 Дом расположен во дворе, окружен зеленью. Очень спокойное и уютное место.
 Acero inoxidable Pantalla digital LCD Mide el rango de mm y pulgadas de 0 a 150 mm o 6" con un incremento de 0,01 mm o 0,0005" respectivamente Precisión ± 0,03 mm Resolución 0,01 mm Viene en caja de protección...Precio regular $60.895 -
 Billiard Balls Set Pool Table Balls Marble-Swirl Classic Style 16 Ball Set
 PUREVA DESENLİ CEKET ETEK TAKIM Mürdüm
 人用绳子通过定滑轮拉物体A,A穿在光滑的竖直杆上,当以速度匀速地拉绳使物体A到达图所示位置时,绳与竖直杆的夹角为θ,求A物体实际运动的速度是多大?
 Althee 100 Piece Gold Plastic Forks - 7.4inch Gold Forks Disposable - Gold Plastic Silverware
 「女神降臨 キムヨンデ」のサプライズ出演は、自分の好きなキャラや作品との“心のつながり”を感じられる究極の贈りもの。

-=-=-

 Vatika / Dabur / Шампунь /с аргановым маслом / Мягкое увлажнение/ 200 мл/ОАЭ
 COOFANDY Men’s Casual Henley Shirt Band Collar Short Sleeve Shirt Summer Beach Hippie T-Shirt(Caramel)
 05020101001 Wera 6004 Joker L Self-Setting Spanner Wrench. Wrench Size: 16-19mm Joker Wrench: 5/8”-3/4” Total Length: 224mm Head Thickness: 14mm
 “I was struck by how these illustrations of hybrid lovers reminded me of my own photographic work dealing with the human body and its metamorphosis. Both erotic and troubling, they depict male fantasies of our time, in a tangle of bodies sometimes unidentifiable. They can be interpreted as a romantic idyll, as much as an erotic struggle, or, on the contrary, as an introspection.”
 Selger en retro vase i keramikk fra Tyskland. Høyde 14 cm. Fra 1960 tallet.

-=-=-

• What the task asks:
Would you please copy exactly the part of the entries above that begins at the line containing "was struck by" and ends at the line containing "Selger en retro", both lines included?

• Reply to the exercise:
 “I was struck by how these illustrations of hybrid lovers reminded me of my own photographic work dealing with the human body and its metamorphosis. Both erotic and troubling, they depict male fantasies of our time, in a tangle of bodies sometimes unidentifiable. They can be interpreted as a romantic idyll, as much as an erotic struggle, or, on the contrary, as an introspection.”
 Selger en retro vase i keramikk fra Tyskland. Høyde 14 cm. Fra 1960 tallet.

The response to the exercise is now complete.